Como Iglesia, damos comienzo al tiempo litúrgico del Adviento, el cual es una preparación a la Navidad y cuya conmemoración pregona la primera venida del Hijo de Dios al mundo, como también la espera de la segunda venida de Cristo al final de los tiempos. Las palabras de Jesús a sus discípulos no son una amenaza para vivir angustiados ni aterrados sino para estar atentos y vigilantes y para saber reconocer al Señor, que está entre nosotros. Jesús no pretende ser un alarmista, solo intenta señalar la futura destrucción de la ciudad de Jerusalén, que es presentada como el modelo de lo que debiera ser el juicio de Dios. Además, al citar el diluvio y Noé, Jesús buscaba que sus seguidores asumieran esos “presagios” no como un castigo de Dios sino como una nueva creación.
También hoy aparecen “profetas” que predicen, alertan y amenazan con catástrofes políticas, económicas y naturales. ¿Habrá que tomarlos en serio? Quizá tengan razón; sin embargo, nuestra actitud de creyentes ha de ser como aquel que, ante los “imprevistos”, mantiene la cordura, la serenidad y no se deja desalentar por ninguna desgracia, pues está convencido de que “todo” está en las manos de Dios. Nos dice la reflexión bíblica que Dios salvó a su pueblo de grandes catástrofes, como lo hizo con el propio Noé (cf. Gn 6-7). Es cierto que todo aquello que tenemos ante nuestros ojos desaparece porque la vida se escapa y, en ese sentido, nadie sabe lo que sucederá mañana.

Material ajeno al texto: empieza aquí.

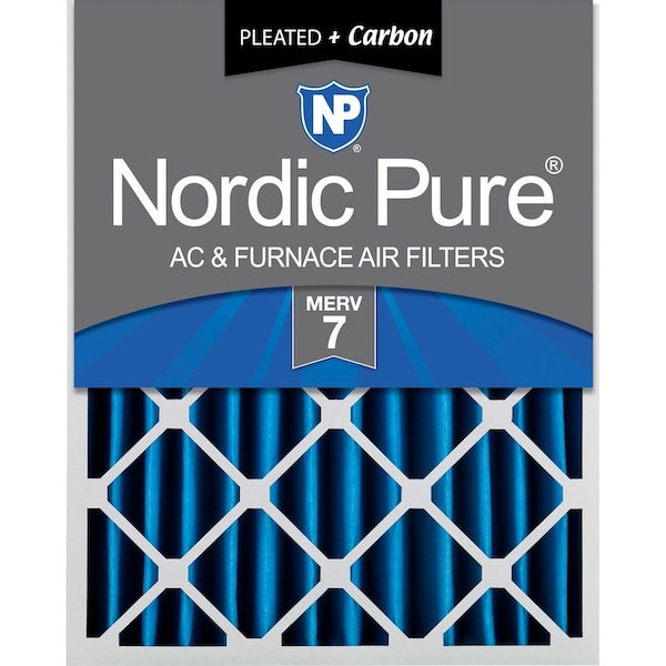 Nordic Pure 24x24x4 MERV 7 Plus Carbon air filters are made of electrostatically charged synthetic materials with an added flat panel infused with activated charcoal that will attract and capture most airborne particulates in your home. It will help eliminate unwanted odors as well as trap most airborne dust and particulate matter for fresh, clean air. Odorous gases and vapors VOC are attracted to and held by the activated carbon material while maintaining excellent air flow properties. Each time air passes through a Nordic Pure carbon pleated furnace filter, lint, household dust, pollen, dust mites, pet dander, bacteria, mold spores and other contaminants are removed. All Nordic Pure + carbon pleated air filters are manufactured using a heavy duty, moisture resistant beverage board frame. There is a metal mesh support grid bonded to the pleats for extra support. Our AC filter media prevents the growth of bacteria or mold, resulting in a much healthier living environment. MERV 7 furnace air conditioner filters are comparable to HVAC filters with the rating of MPR 600. Particles in indoor air are measured in microns; for scale, a human hair is about 70 microns wide. Each Nordic Pure 4in MERV 7 air filter captures airborne particles as small as 3.0 to 10.0 microns. more...
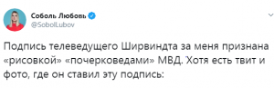 В своем твиттер-аккаунте она придралась к тому, что подпись Михаила Ширвиндта за нее якобы признали «рисовкой». По этому поводу высказался главред «Эха Москвы» Алексей Венедиктов. В Телеграм-канале он написал, что проверил данный факт. Оказалось, Соболь очередной раз хайпит и не более того.
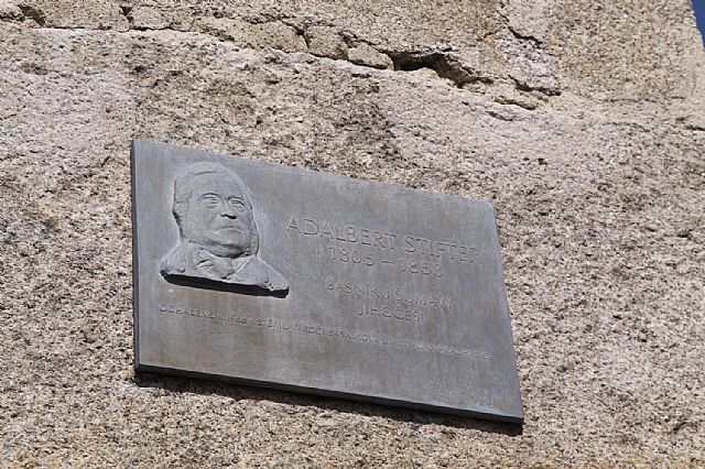 Pamětní deska, kterou odhalili Jihočeši v roce 1968 k 100. výročí úmrtí Adalberta Stiftera na sloupu jeho pomníku na svazích Plechého (HLV 21; 1378 m).
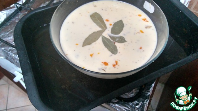 Берем большой глубокий противень, наливаем туда воды, ставим миску с мясом в эту конструкцию и отправляем на час в горячую духовку, с температурой где-то 180 градусов.
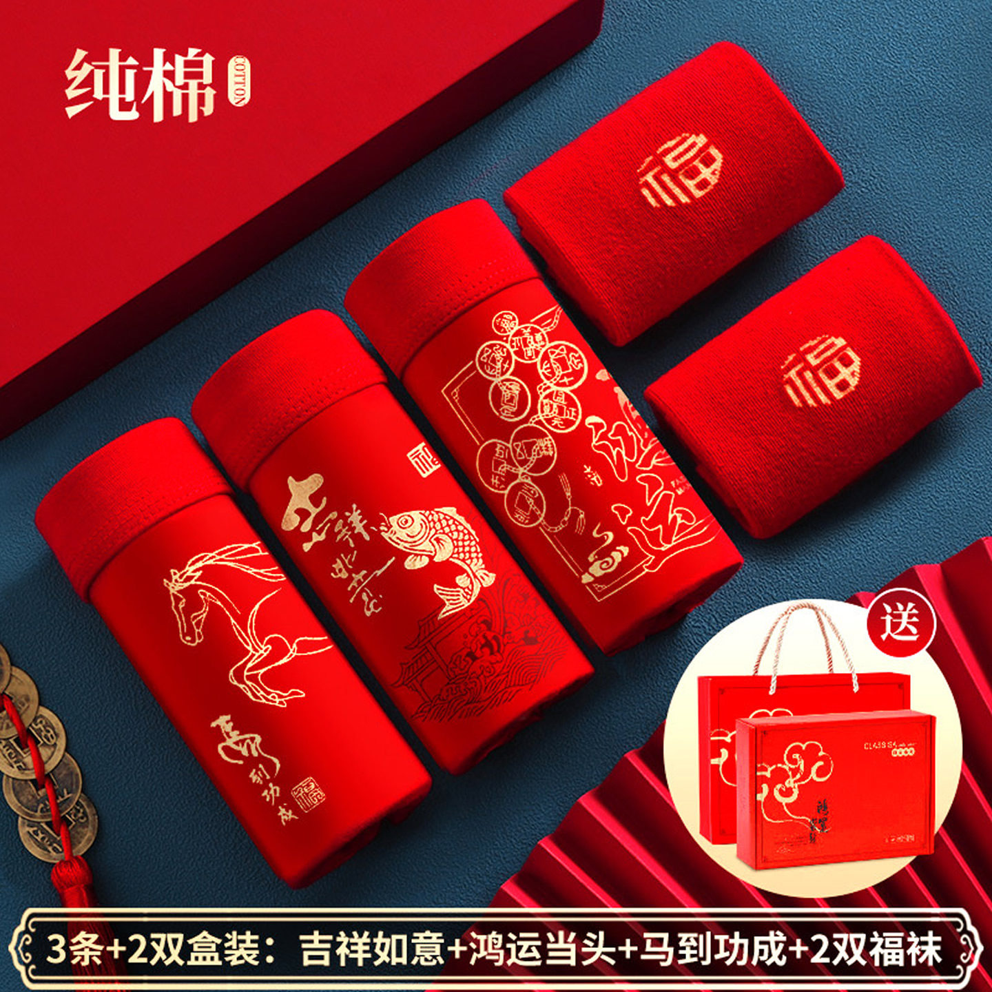 男士本命年内裤纯棉高档礼盒装男款大红色2026年新年礼物马年短裤
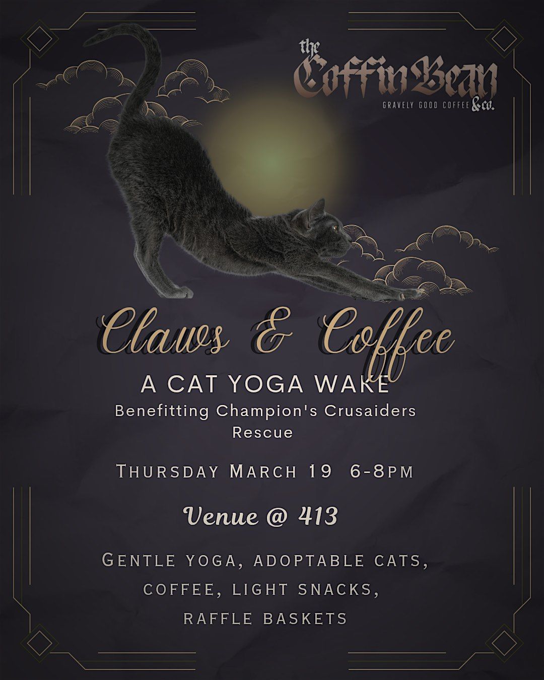 Join us in person for a chill evening of cat cuddles and yoga stretches! Claws and Coffee brings together feline friends and coffee lovers for the purr-fect chill out session. Whether you're a yoga newbie or a seasoned pro, enjoy some zen vibes alongside playful kitties. Stretch, sip, and purr your way to a pawsome evening with friends!
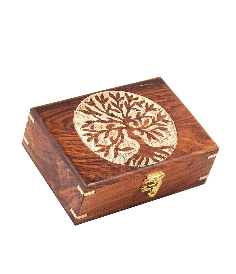 โรสวูดแฮนด์เมดโกศไม้ต้นไม้แห่งชีวิตแกะสลักกล่องเครื่องประดับแกะสลักด้วยมือสําหรับผู้หญิง-ผู้ชายอัญมณี | แอคเซนต์ตกแต่งบ้าน
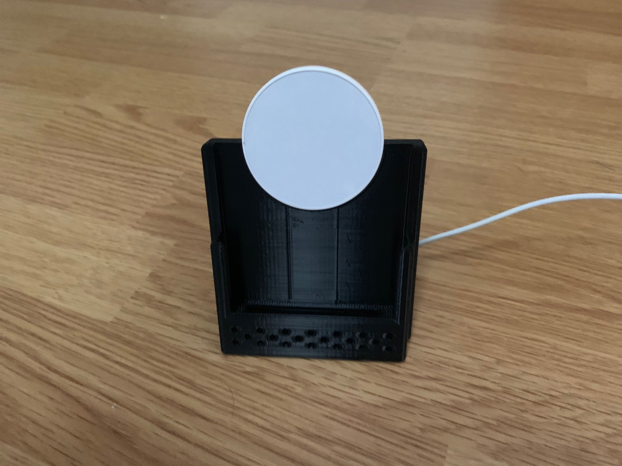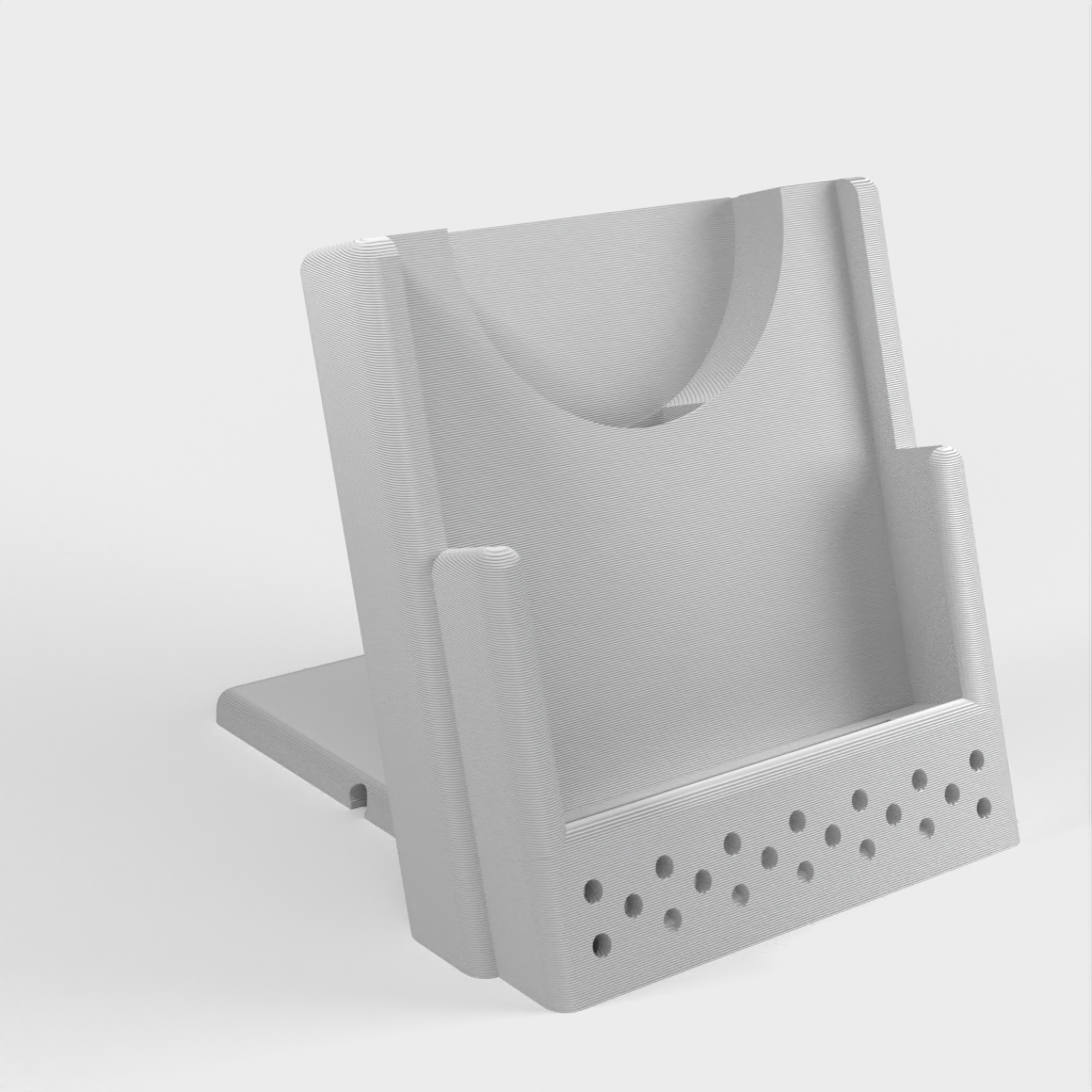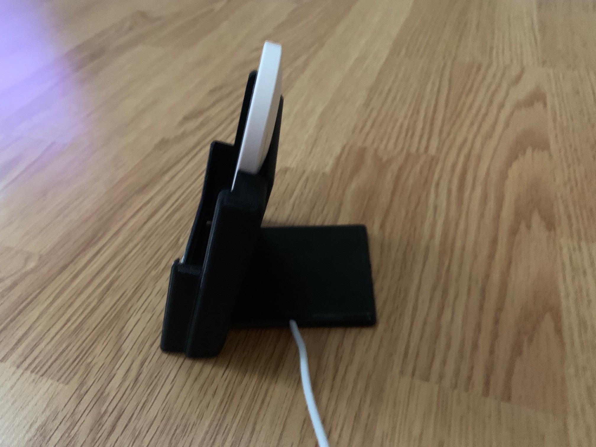 Here is a customizable wireless phone charging stand. It features an adjustable cable routing design that lets you choose whether the cable exits the charger to the left, right, or back. It can be customized to fit an iPhone XS with a third-party charger, but can also be easily modified to fit any other phone and charger combination.
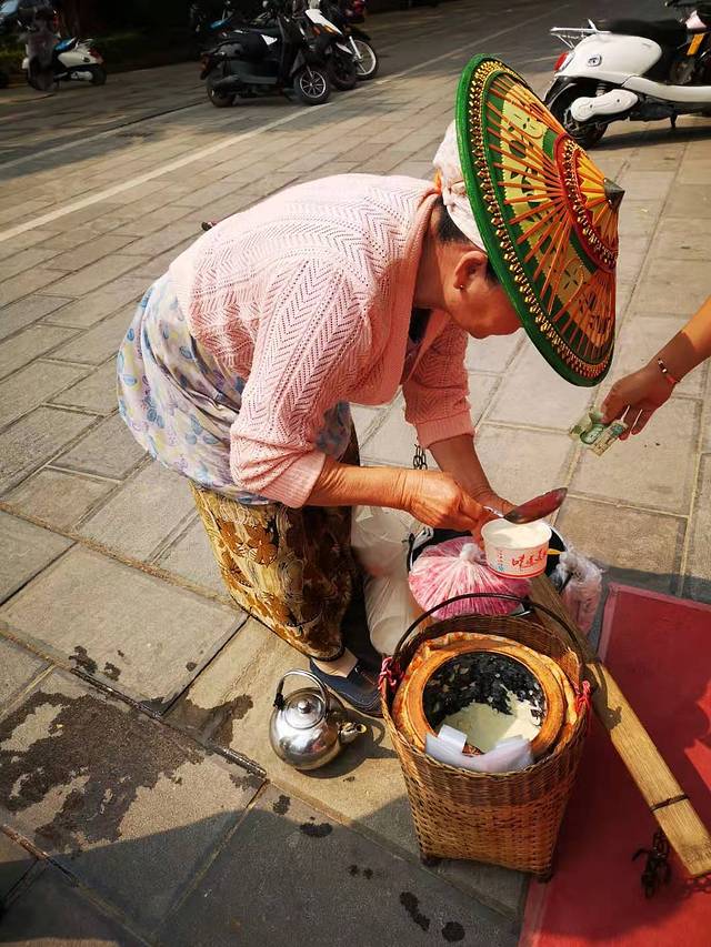 傣族老人叫卖的豆腐脑加糖稀 3元一碗
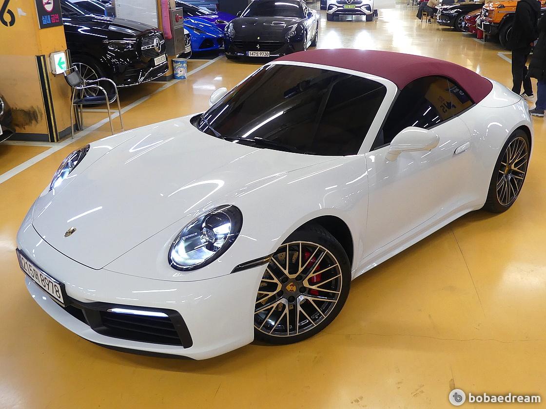 2025년 4월 등록 포르쉐 911 카레라 4S 카브리올레 모델을 판매합니다.》정식출고/무사고 운행》최상의 밸런스 4륜구동/6기통 박서엔진 오픈카》우아한 화이트바디+레드 인테리어+레드 소프트탑▶본 차량상태..- 정식출고
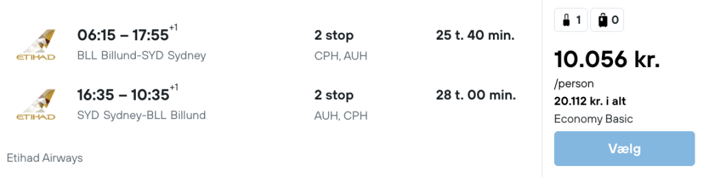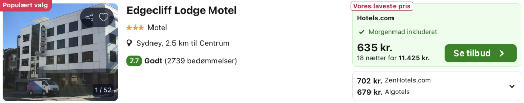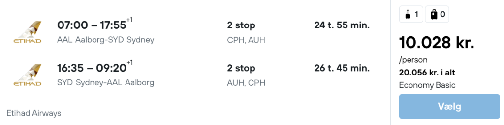 Bemærk: Der kan være mindre forskelle i prisen på mobil og pc. Undersøg med fordel, hvor det er billigst inden bestilling. Vær opmærksom på at udrejse er den 20. november, mens ankomst i Sydney er den 21. november. Dette er der taget højde for i hotel overnatning. Rejs365 er ikke et rejsebureau, men en rejseside, der finder gode tilbud! – Vi modtager kommission, men det påvirker ikke din pris! Læs mere her |
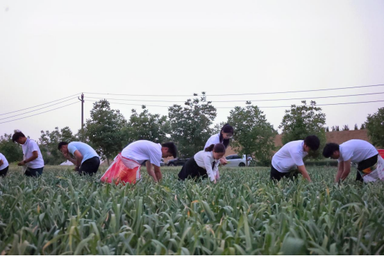 活动前,伟德官网派驻庙台村第一书记任旭凯向团队师生详细介绍了庙台村的基本情况及发展规划。活动期间,团队师生深入开展系列助农劳动。在当地农户指导下,党员教师与学生分工协作,有序完成蒜薹采收、分拣和运输工作,累计帮助农户完成近8亩耕地的蒜薹采收工作。

Sin embargo, el creyente confía en que, aunque parezca que todo está perdido, quien lo conduce por el camino del bien al encuentro definitivo, con todos y todo, es el propio Dios. Por eso hay que permanecer más “expectantes” que “vigilantes”, para no caer en el desgano de vivir, y tomar a Cristo en serio porque a partir de su resurrección el Señor ha comenzado a llamarnos para recibirlo en su palabra, en los sacramentos y en las personas con quienes convivimos.
“Estén prevenidos, porque ustedes no saben qué día vendrá su Señor” (Mt 24, 42).